(SOURCE INFORMATION)
== Segment start ==

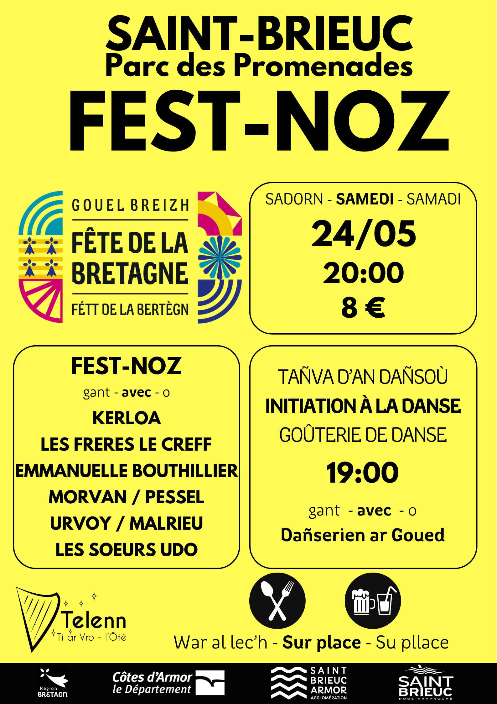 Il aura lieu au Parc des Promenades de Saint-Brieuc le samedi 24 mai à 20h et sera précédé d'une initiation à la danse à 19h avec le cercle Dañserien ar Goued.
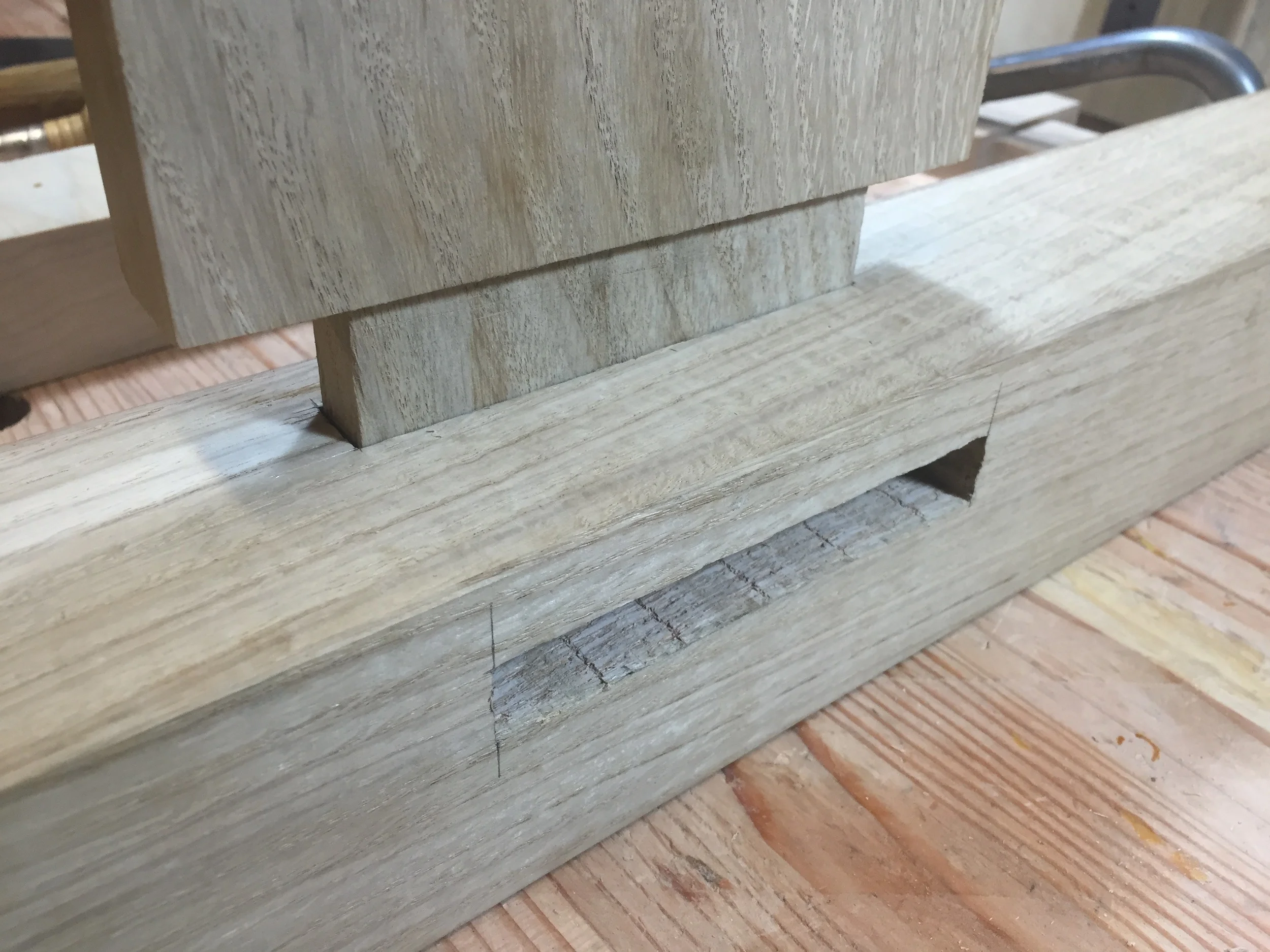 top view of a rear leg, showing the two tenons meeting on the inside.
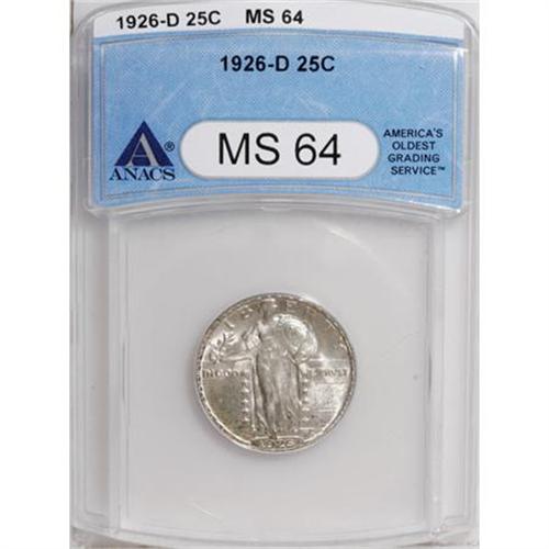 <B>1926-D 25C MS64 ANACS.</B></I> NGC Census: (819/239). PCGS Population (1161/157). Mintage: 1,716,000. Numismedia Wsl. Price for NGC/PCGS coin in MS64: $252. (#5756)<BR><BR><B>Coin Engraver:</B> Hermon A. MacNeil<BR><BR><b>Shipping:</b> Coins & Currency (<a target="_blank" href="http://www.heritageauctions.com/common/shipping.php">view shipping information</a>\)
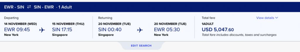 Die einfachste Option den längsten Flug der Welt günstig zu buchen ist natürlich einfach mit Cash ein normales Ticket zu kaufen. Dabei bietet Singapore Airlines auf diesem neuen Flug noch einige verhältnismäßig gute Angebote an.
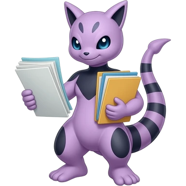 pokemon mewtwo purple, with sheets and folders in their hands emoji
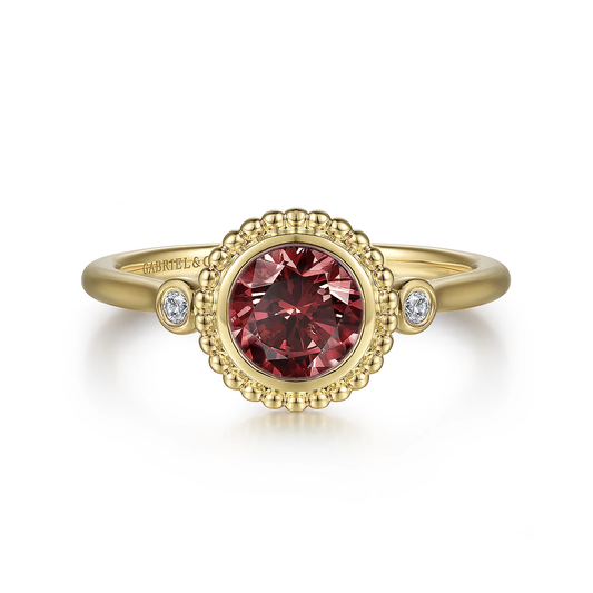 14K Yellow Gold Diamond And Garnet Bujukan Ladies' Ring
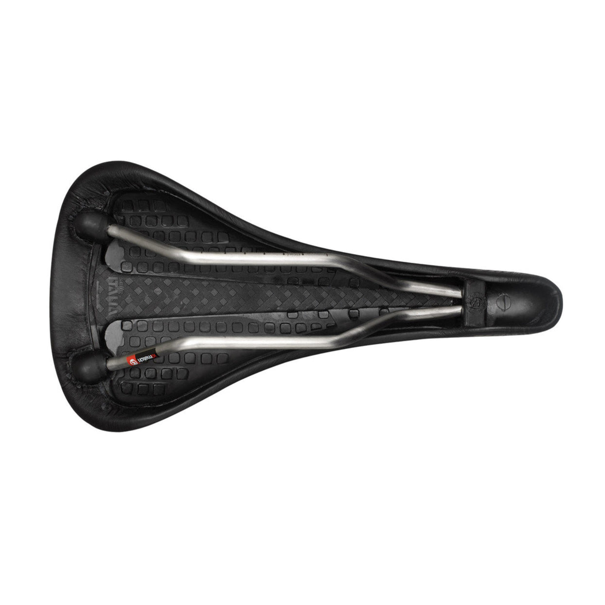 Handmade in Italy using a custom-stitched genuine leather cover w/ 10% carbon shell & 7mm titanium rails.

== Segment end ==
== Segment start ==

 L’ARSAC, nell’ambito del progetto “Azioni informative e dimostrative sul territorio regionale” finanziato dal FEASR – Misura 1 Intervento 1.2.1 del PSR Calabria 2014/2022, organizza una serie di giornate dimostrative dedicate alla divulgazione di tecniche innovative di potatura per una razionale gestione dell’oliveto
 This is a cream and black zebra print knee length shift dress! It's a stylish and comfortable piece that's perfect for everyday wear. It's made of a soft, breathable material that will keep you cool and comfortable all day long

== Segment end ==
== Segment start ==

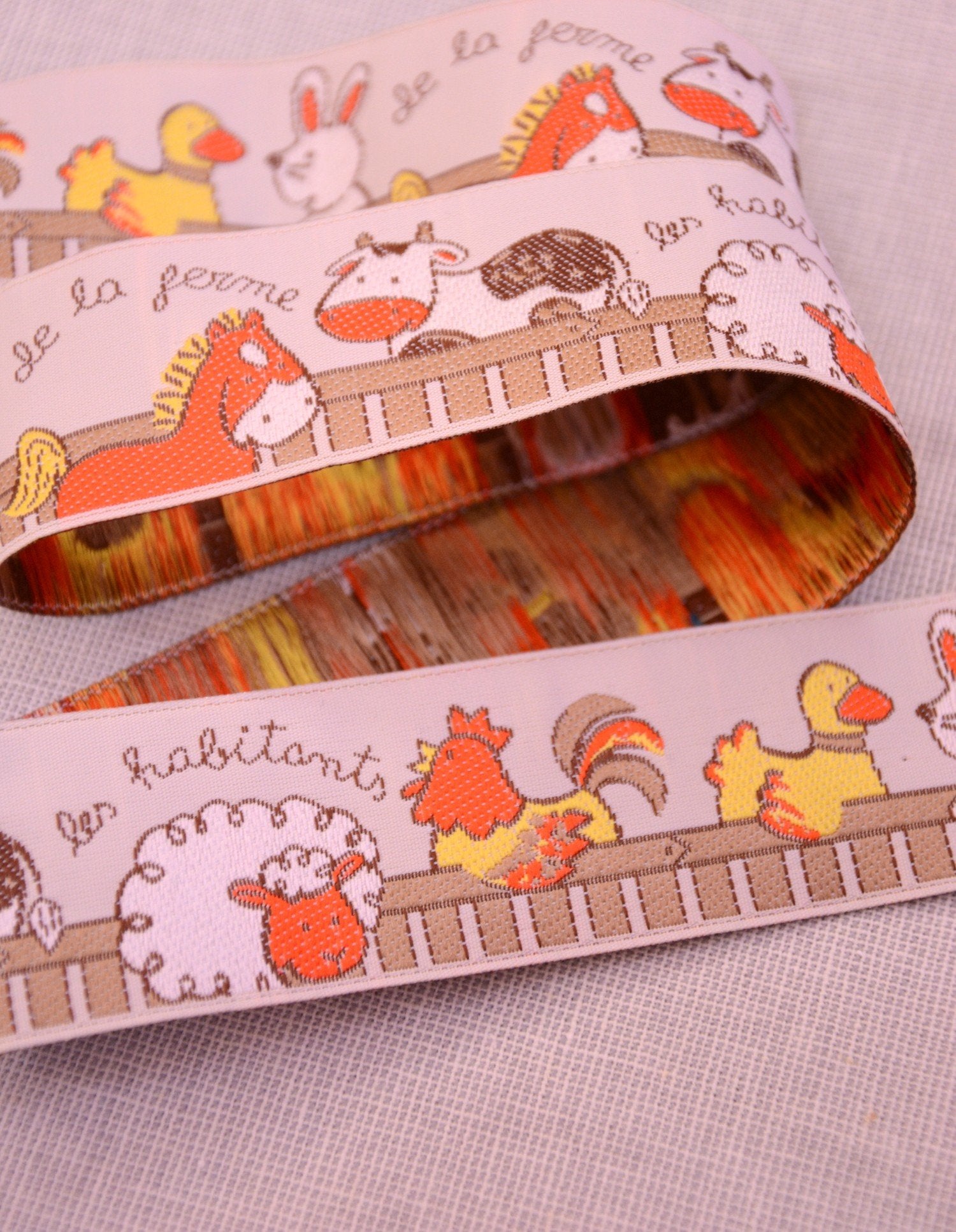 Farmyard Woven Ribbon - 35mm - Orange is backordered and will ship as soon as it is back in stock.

== Segment end ==

(WHAT YOU SHOULD DO) Keep to the lines above from the line with "pokemon mewtwo purple, with" to the line with "Handmade in Italy", and set down exactly those, inclusive, with nothing else and every picture left out.

(OUTPUT BELOW)
 pokemon mewtwo purple, with sheets and folders in their hands emoji
 14K Yellow Gold Diamond And Garnet Bujukan Ladies' Ring
 Handmade in Italy using a custom-stitched genuine leather cover w/ 10% carbon shell & 7mm titanium rails.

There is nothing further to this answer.